These fields are also described by gauge theories, so they’re called **gauge fields**, but their interaction with matter is so complicated that their corresponding groups are **non-Abelian groups**, which is as complicated as you can get when it comes to groups.

**(iii)** One final age-old question: What’s stuff made of? What’s the smallest bit of matter? As I said before, chopping things down to the smallest pieces gives you electrons and quarks. These particles (and a few others) all belong to a class of particles called **fermions**. The special thing about fermions is that every fermion has a left-handed and a right-handed version, just like gloves—they look alike, but are mirror reflections of each other.

The gluon field doesn’t care whether the fermion is left or right-handed. It doesn’t discriminate. (Be like gluon.) You might think the electromagnetic field and the W and Z boson fields are good guys too, but no, they like to interact more with the left-handed fermions than the right-handed ones. This is what the formula means.

The correct formula is (Ŝ+⊗VR)⊕(Ŝ−⊗VR̃). (Unfortunately, Reddit doesn’t support subscripts.) It basically says the left-handed fermion Ŝ+ interacts with all the gauge fields in this way (VR), while the right-handed fermion Ŝ− interacts with the gauge fields in a different way (VR̃). It is important that VR and VR̃ are **not isomorphic**, which is just a snobby way of saying “they’re different”.

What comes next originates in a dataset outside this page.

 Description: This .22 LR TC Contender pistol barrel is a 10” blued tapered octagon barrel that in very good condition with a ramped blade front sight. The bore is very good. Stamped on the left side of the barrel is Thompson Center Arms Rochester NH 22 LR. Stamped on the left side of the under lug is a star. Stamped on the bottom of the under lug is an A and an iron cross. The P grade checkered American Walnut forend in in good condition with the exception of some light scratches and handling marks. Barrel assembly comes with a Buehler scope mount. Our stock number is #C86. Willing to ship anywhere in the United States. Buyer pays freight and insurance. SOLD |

We know that the electron, along with another fermion called the neutrino, is lighter than the quarks. We don’t yet know why that is the case, but every new idea physicists have come up with over the years involves the difference between the way gauge fields interact with left-handed and right-handed fermions (**representation difference**). If one of those ideas turns out to be correct, then it is the **underlying theory** that we all dream about.

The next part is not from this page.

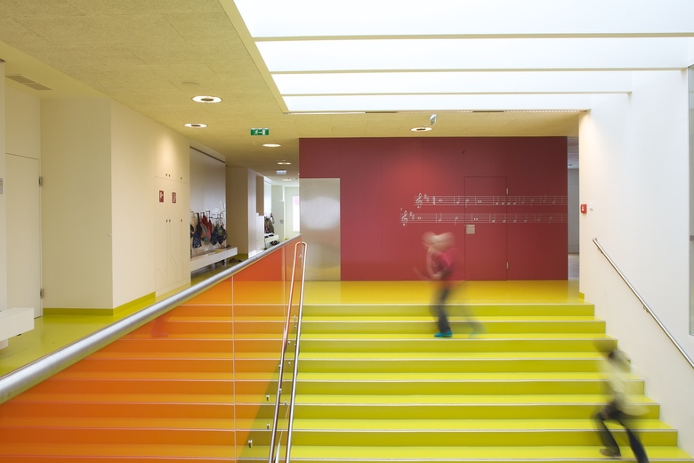 Mit dem Neubau wurde ein modernes Schulhaus auf höchstem technischem Niveau geschaffen, das die Kinder in ihrem Lern- und Entwicklungsprozess optimal fördert und ein freies und flexibles Arbeiten für Schüler und Lehrer ermöglicht.

Finally, if all of the above is not complicated enough, God plays a joke on us by making everything **quantum mechanical**. In short, this means that the same particle can be in several different places at the same time, and particles are randomly popping in and out of existence everywhere, all the time.

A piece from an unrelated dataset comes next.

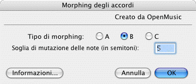 - Soglia di mutazione delle note (in semitoni). Usate questo comando per definire quanto debbano essere vicine le note perché la mutazione possa avvenire. La mutazione avviene solamente quando le note dell’accordo sorgente sono sufficientemente vicine a quelle di destinazione.
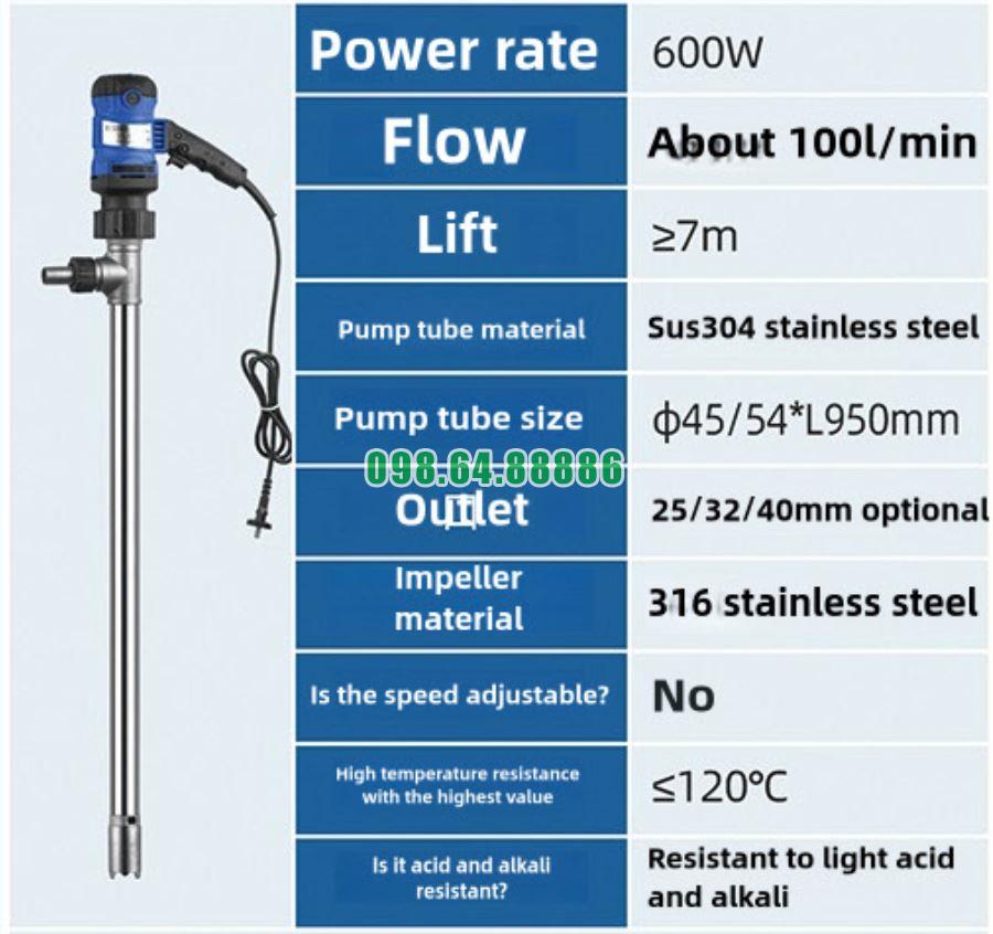 Bơm thùng phuy nhựa RPP JDT-G120-600W có trọng lượng nhẹ nhờ sử dụng vật liệu RPP và cấu trúc ống bơm thẳng, giúp người vận hành dễ dàng cầm, đặt vào thùng phuy hoặc di chuyển giữa các thùng khác nhau. Kích thước gọn gàng giúp thao tác linh hoạt ngay cả trong không gian nhà xưởng hẹp.

**Personal thoughts:** The paragraph is certainly very concise, mostly because it takes entire textbooks to truly describe the mathematical terms in each of the three bullet points. It is also very beautiful, because it tells you in precise mathematical terms what you’d need if your job were to create another universe. However, it’s like describing an elaborate wedding cake by listing all its ingredients.

“The most beautiful paragraph in physics” is a bit of a stretch. Sure, it encapsulates what our universe is, deep down. But it doesn’t capture any of the emergent phenomena—how these particles come together into complex atoms and molecules, how atoms form beautiful crystals and rocks, how rocks form planets, how stars and dust form galaxies, how too much stuff makes a black hole… Physics is a vast subject with countless interesting questions to study, and “what is the fundamental structure of the universe” is just one of them.

**TL;DR:** Our universe has curved spacetime in which matter, made of very small particles called fermions, interacts through forces controlled by gauge fields. The interaction is different for left-handed and right-handed fermions. The paragraph is beautiful because it tells us what blueprint God had in mind when creating our universe.